Decir diciembre es decir Navidad. Es mirar en los escaparates rostros de una nobleza casi divina, pastores de barro celeste conduciendo rebaños inocentes, mozas con la frescura de los cántaros en la cabeza, estrellas de magia mínima por la gracia del talco y la hojalata. 

Y en medio de todo este universo, la serena humildad de José desata la admiración sobre María y Jesús. Espiados silenciosamente por el buey y la mula. Luego vienen las hierbas, los papelillos coloreados, las nubes de algodón, las coronas de muérdago, los astros de cristal y los animales puros. 

Todo lo que configura la navidad estática del almacén, ya que después, algún muchacho en un barrio cualquiera de la ciudad, con una caña de bambú cargada de materia explosiva, anunciará el momento de la acción, el tiempo en que la Navidad cobra movimiento y se hace fiesta por las calles y los parques. 

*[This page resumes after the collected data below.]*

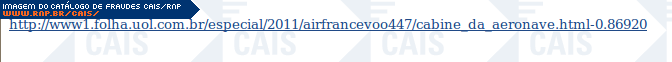 | comentário | A fraude se passa por uma notícia sobre uma suposta gravação da caixa preta do avião da Air France. De acordo com o assunto da mensagem, o comandante da aeronave não estava na cabina no momento do acidente. O link leva a um arquivo malicioso que foi identificado... (leia mais) | |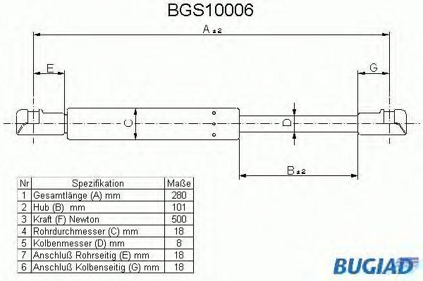 BGS10006 BUGIAD Амортизатор капота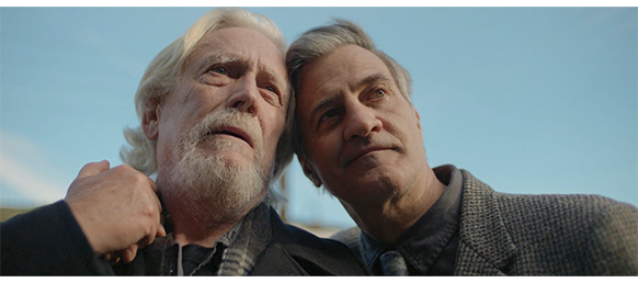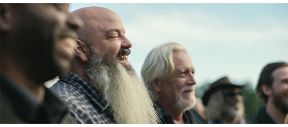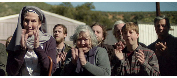牧師が、「私たちの親愛なる友エリックに別れを告げるにあたり、言葉だけでなく行動で彼の思い出を称えましょう」と言葉を結ぶ。墓地での参列者は、オスカーの母を除く集落の全員。全員の手に、エリックの写真付きの哀悼の紙が配布されている。そこには、1951年10月6日~2024年7月15日と書かれている〔この映画のアメリカでの公開は7月23日なので、その僅か8日前、このシーンを撮影したのは当然もっと前なので、公開日が予め決まっていなければこんな冒険はできない。いっそ、撮影した日にしておけばよかったのにと思う〕〔死んだ時の年齢は何と72歳。80歳は超えていると思ったのに、髭が生えていると実年齢より年上に見えるのかと驚いた ⇒ と思ったら、エリック役のボー・ブリッジスは1941年12月9日生まれ。ということは撮影時81歳。実年齢とぴったり一致している〕。牧師の言葉が終わると、フランクが “エリックが残した別れの言葉〔parting words〕” を読み上げる(2枚目の写真では、オスカーが木の陰で聞いている。なぜ葬儀に加わらないのかは分からない)。この “言葉” はかなり長く、読み上げる “言葉” と映像とはどんどんズレて行く。すなわち、映像の方が早く進行し、“言葉” はいろいろな映像を背景にして流れ続ける。「親愛なる友人の皆さん、本日はここに来て下さりありがとう。しかし、もっと大切なことは、皆さんがいつもそばにいて下さったことです。ジャスパーは、わしと美しいローズが一緒に住もうと決めた所です。そして皆さんはわしらを暖かく受け入れて下さった。皆さんの中で、わしらは人生を築きました」(3枚目の写真)。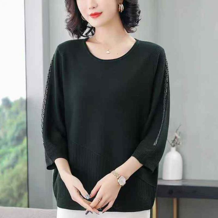 秋季新品轻熟女装大码宽松高压烫钻洋气时尚针织小衫,独立包装,均码面料柔...

Es entonces cuando los carteros llaman a las puertas con tarjetas llenas de fervor de los amigos lejanos, cuando cohetes y triquitraques escandalizan por la esquina y las campanas se abren sonoras y magnificas y los patines levantan chispas sobre las avenidas y los juguetes abandonan sus cajas de cartón para entrar en la leyenda de los niños.

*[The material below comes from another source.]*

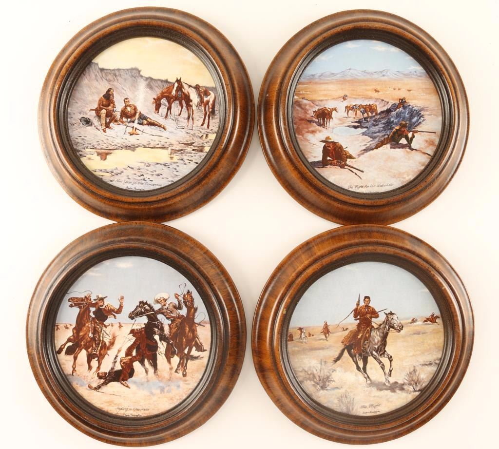 Entitled-'Fight for the Waterhole', 'Aiding a Comrade', 'A New Year on the Cimarron' and 'The Fight'. All are framed alike and are perfectly round.

La vieja navidad, quizás desde los tiempos coloniales, fue la sobria reunión familiar en la que el dulce de lechosa, el turrón, el pan de jamón, la cena de hallacas y el vino añejo constituían las viandas de los invitados.

Esta es la Navidad. Esta es la historia y la leyenda de una fiesta de siglos tan vieja como el andar religioso por el mundo, tan llena de la más sabia esencia del hombre, empeñado en encontrar a través de símbolos y mitos. 

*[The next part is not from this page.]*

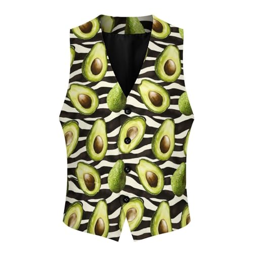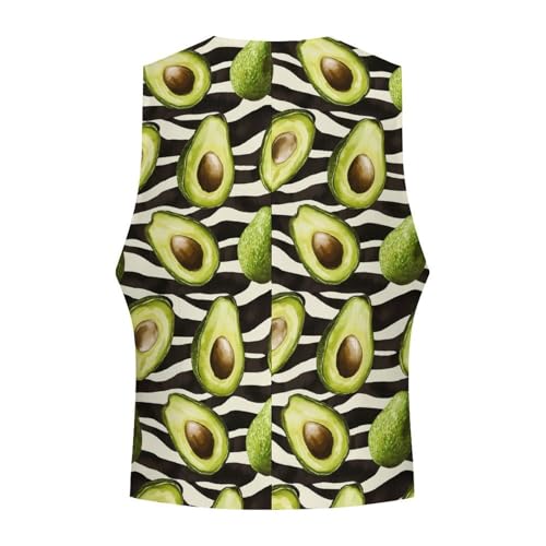 Avocado Zebra Stripes Pattern Suit Vest for Men Waistcoat Dressy V Neck Button Down Sleeveless Business Jacket Coat 1

Toda esa coincidencia del nacimiento de los dioses en la Tierra señala la unidad misteriosa que hay en la imaginación creadora y en su deseo de hurgar en lo desconocido, de remover las peñas y mantener la Tierra y florecida. 

Y esos dioses sean árboles o piedras o ramas de muérdago, serán siempre el deseo más hondo y la más iluminada esperanza. Serán testimonio de que el hombre alguna vez inventó bellas historias para evitar las afrentas de los animales, de los incendios, de las estaciones y de los otros hombres.